Republicans also boasted that 1996 would be the year when at least one chamber of the Democratic-controlled Georgia legislature would fall to their decade-long assault at the ballot box.
But as the year drew to a close, Georgia's political landscape is largely unchanged, despite the expenditure of millions of campaign dollars and the saturation of the airways with thousands of political ads.
"In the most visible kinds of contests, the things that people were watching, there was no movement at all," said Charles Bullock, a political scientist at the University of Georgia. "Incumbents won where there were incumbents, and where there wasn't an incumbent, the front runners held on."
Two events in late 1995 set the political stage for the year and created most of the soaring expectations that ultimately went unfulfilled for both political parties.
The first was Mr. Nunn's announcement that he would not seek re-election to a fifth term in the Senate, giving the GOP a legitimate shot at a seat they likely wouldn't have contested if the popular Mr. Nunn had run.
Millionaire businessman Guy Millner, who narrowly lost to Gov. Zell Miller in 1994, emerged from a field of five GOP candidates to take on Mr. Cleland, who was unopposed in his party's primary.
Mr. Millner spent more than $6 million of his own money on a largely negative campaign attacking Mr. Cleland's ethics and judgment. But Mr. Cleland prevailed by billing himself as the candidate of the "sensible center" while cashing in on his popularity as a triple-amputee Vietnam veteran.
In a race where more than 2.2 million votes were cast, Mr. Cleland beat Mr. Millner by just 30,024 votes.
The other major 1995 event that shaped Georgia's political year was the Supreme Court ruling declaring the majority-black 11th congressional district unconstitutional.
That decision resulted in a court-drawn congressional map reducing the number of majority-black districts from three to one. Democrats greeted the new map with glee, predicting it would help them begin reversing the GOP gains of the past two elections.
Civil rights activists, meanwhile, decried the ruling and predicted it would make it next to impossible for most blacks to win election to Congress.

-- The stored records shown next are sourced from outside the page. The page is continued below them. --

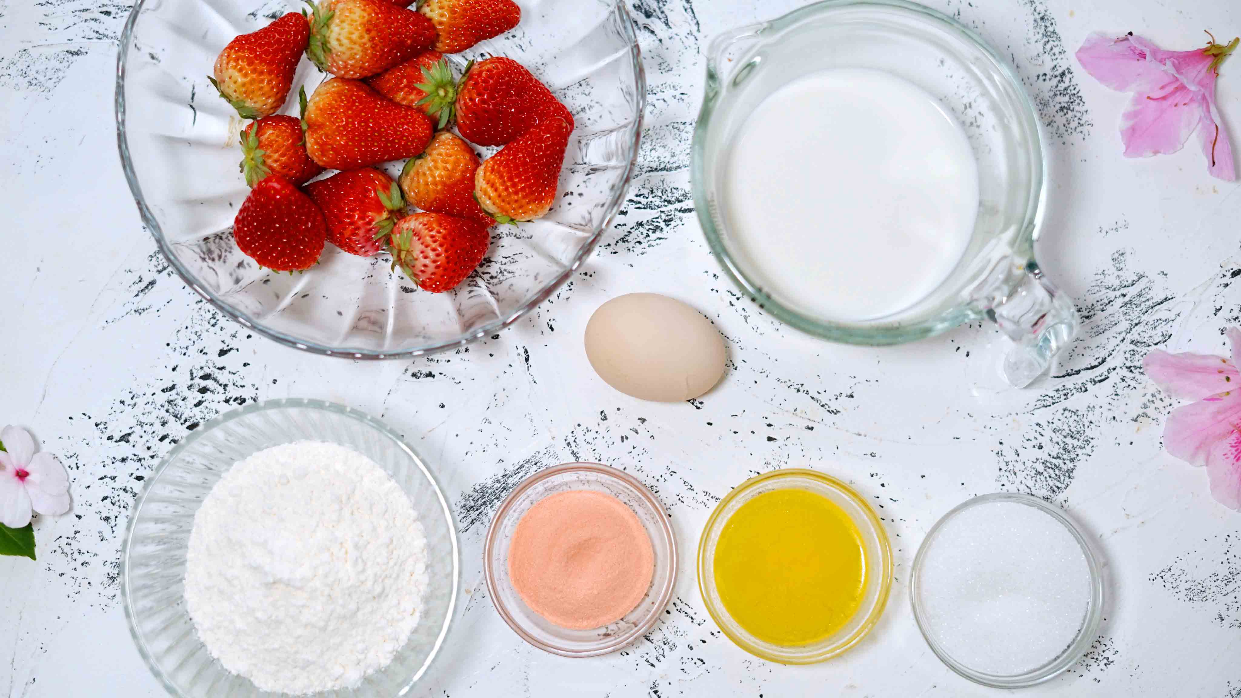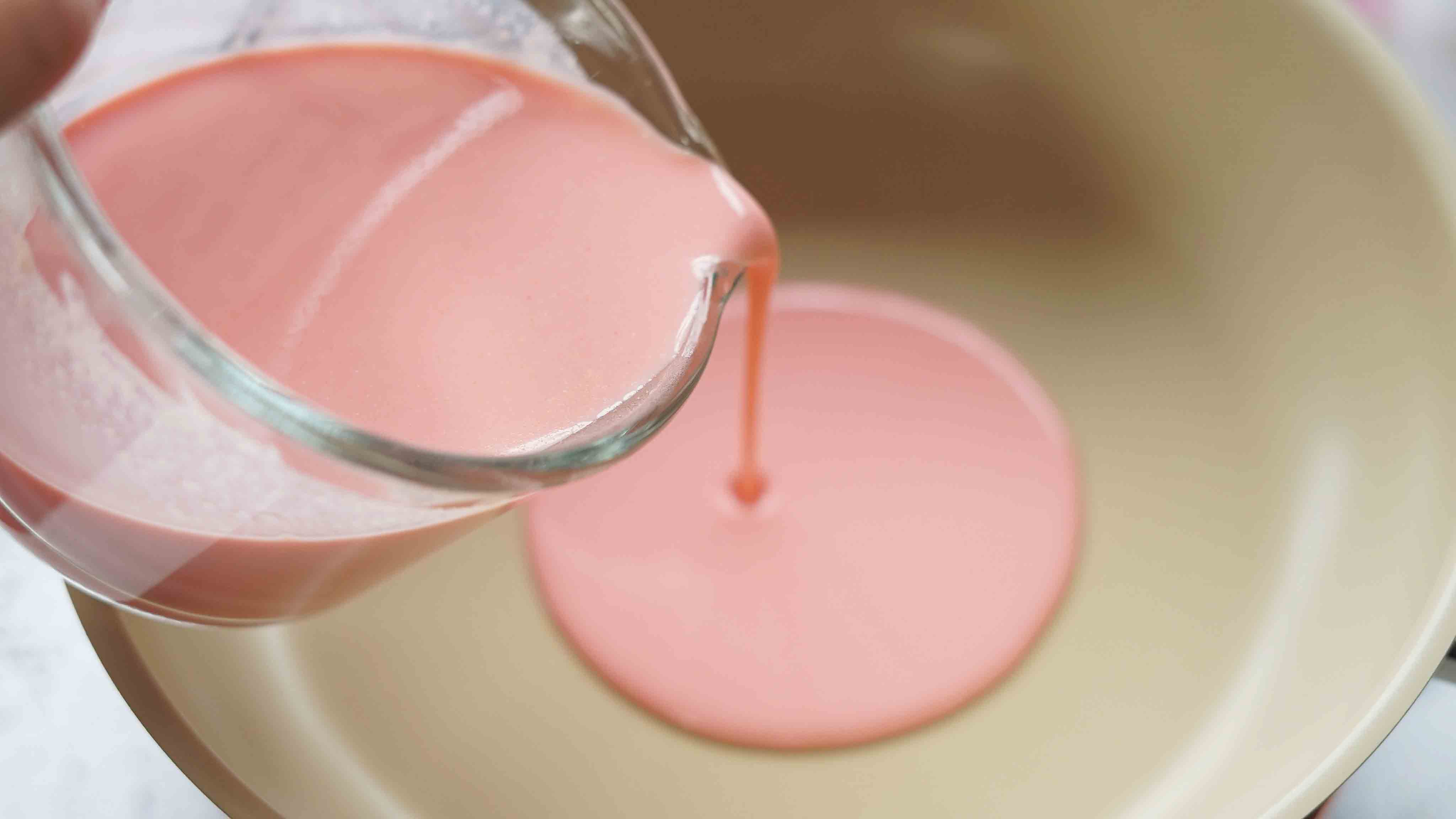 2、倒入240g的牛奶、20g的黄油、几滴的红丝绒香精,80g的低筋面粉和5g的草莓粉过筛,搅拌至无颗粒。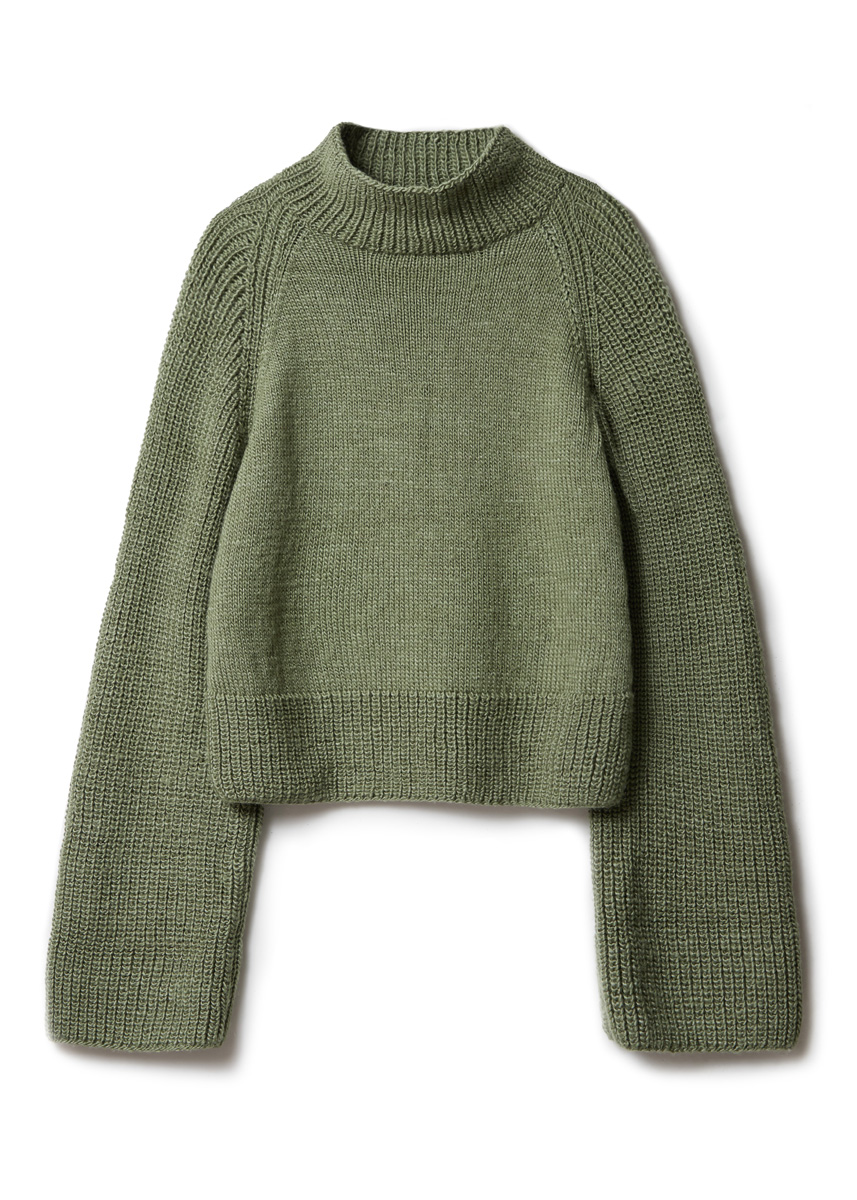 Lana Grossa Setosa (65% ren ny ull (Merino superfein), 35% silke, löplängd 150 m/50 g), 600 (650 – 700) oliv (färg 17); stickor nr. 4 och 5, samt 1 rundsticka nr. 4, 40 cm lång.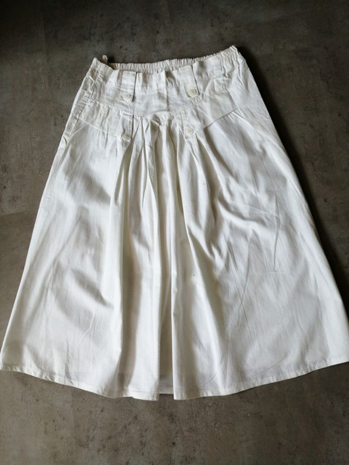 100% coton.La taille n'est plus indiquée.Largeur taille. Longueur 75 cm.Taille élastiquée derrière.Passants ceinture.Beau coton.

In November, voters proved both groups wrong, re-electing all eight of Georgia's GOP congressmen, and the state's three incumbent black Democrats. Two of those three, Reps. Cynthia McKinney of Lithonia and Sanford Bishop of Albany, won in majority white districts.
The central figure in congressional campaigns in Georgia and across the country was Mr. Gingrich, who shouldered the brunt of voter discontent over last year's standoff between the White House and Congress that led to a prolonged shutdown of the government.
But despite Mr. Gingrich's sagging popularity nationally, he managed to win re-election handily over millionaire cookie entrepreneur Michael Coles of Smyrna, who spent nearly $3 million of his fortune.
Mr. Gingrich also retained his speakership, as Republicans won control of the House in two consecutive elections for the first time in 68 years.
Mr. Gingrich ended 1996 with the admission that he violated House rules regarding use of tax-exempt organizations to finance his college course and televised workshops, and that he gave false responses earlier to the ethics committee.
He said the violations were unintentional.
The House ethics committee will recommend whether the full House ought to reprimand Mr. Gingrich or impose a censure, a more serious punishment that would prevent him from serving as speaker.